At the time of her death Katherine M. McKibben was a widow. Her only heir-at-law was a son, Thomas Stanley McKibben, one of the plaintiffs and appellants. By item thirteen of her will the testatrix bequeathed only one dollar to him, because, as stated, of his conduct toward her during her lifetime "and his evident lack of the faith and endearment ordinarily held by an only son for his mother." She further directed "that he receive no other money, property or thing of value" from her estate. After other directions and bequests of comparatively small amounts, she left, by item fifteen, the bulk of her estate, valued at about $100,000, in trust for the children of her son, in the following manner: *371
"Item Fifteen. a. All the rest, residue and remainder of my estate, real, personal and mixed, wheresoever situated, which I may own at my death, I give, devise and bequeath to the Pioneer Trust and Savings Bank as trustee, in trust for the children of my son, Thomas Stanley McKibben, share and share alike.

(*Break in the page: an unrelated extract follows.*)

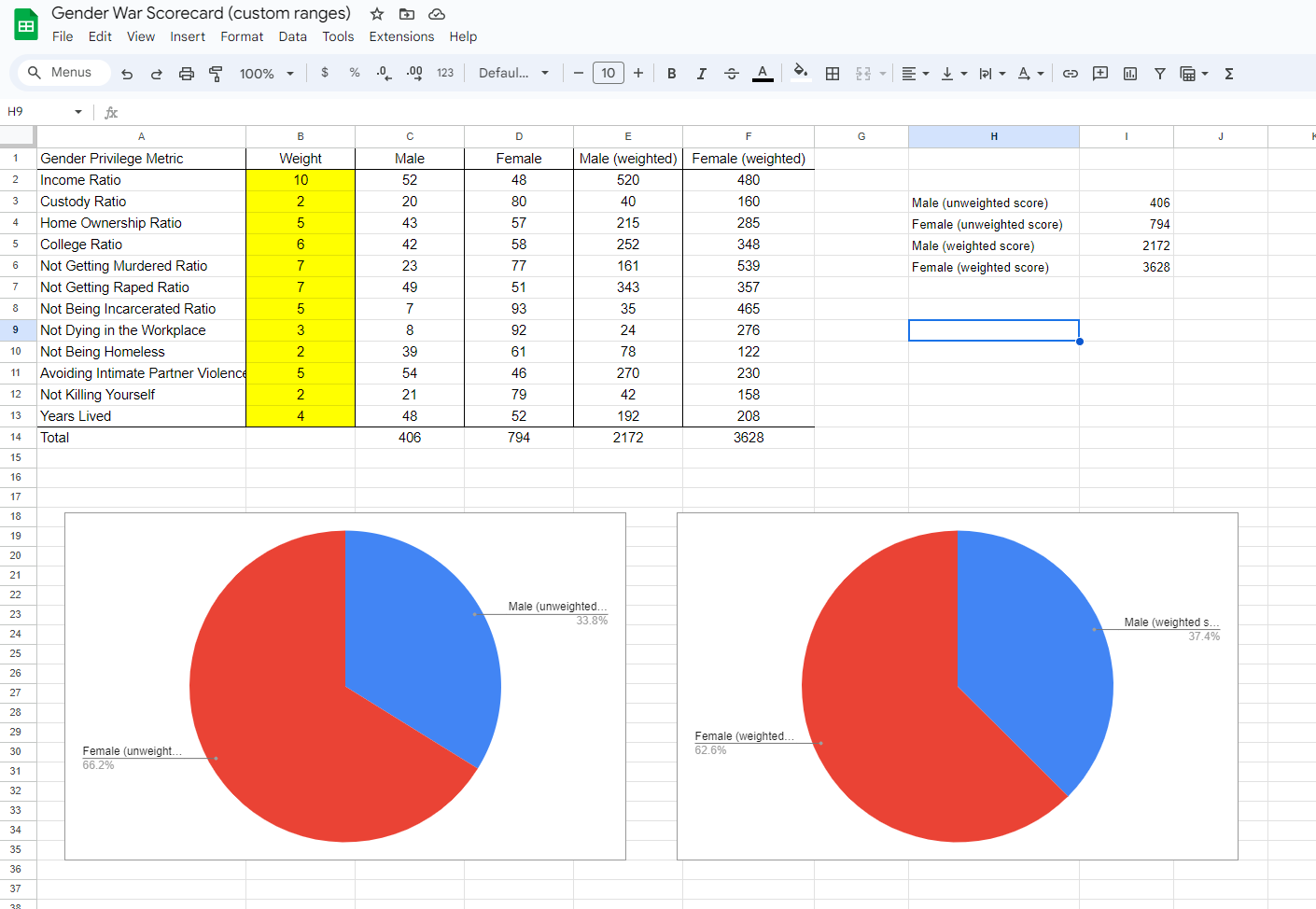 If we were to take each of these measurable socioeconomic factors as equal weight, then women score a 66 to the men’s 34, meaning women are currently around twice as privileged as males are in the USA, numerically speaking. This is a blowout win. But that might not be fair, because income ratio or college attendance might be more important than suicide or dying in the workplace, so if you wanted to weigh each of them and generate a modified scoreboard, I built you a google sheet to do so. It looks like this: (change the yellow boxes, leave the rest alone)

"b. The trust estate herein established shall continue until the youngest of said children living at the time of my death shall reach the age of thirty-five years, or if said youngest child shall die before reaching such age, at the date such child would have reached such age if he or she had lived.
"c. In the period from my death until the termination of said trust, the income from said trust estate shall be divided equally among such children as may be living, and paid to them in quarterly installments. Should any such child die during the period of said trust estate, leaving no children, the income shall be divided among the surviving children equally. The child or children of any deceased child shall succeed to the share of the parent, per stirpes and not per capita. "d. When said trust is so terminated, the corpus thereof and any undistributed income shall be divided equally among such children of Thomas Stanley McKibben as may then be living, the children of any who may have died to take their parent's share,per stirpes and not per capita. "e. It is my intention and desire that such residue of my estate shall be kept intact in the hands of said trustee, or some other bank or corporate trustee, until the youngest child of my said son who may be living at the time of my death shall reach the age of thirty-five years; that during that period there may be an equal distribution among my grandchildren, including the children of any who may die; and that then there may be a similar distribution of the body of said trust. *372 "f. The said trustee is to have and to hold in trust the said real estate devised to it, and to rent, manage and control the same as to it or its successor may seem best, and shall have full power and authority to sell and convey all or any part thereof, absolutely and in fee simple, and to execute all deeds and instruments of transfer necessary or proper to pass title absolutely and to give acquittance for the purchase money. The proceeds of sale thereof, together with other funds coming into the hands of such trustee, shall be kept invested in accordance with law as such trustee deems best, in order to produce the greatest net income consistent with security of investment.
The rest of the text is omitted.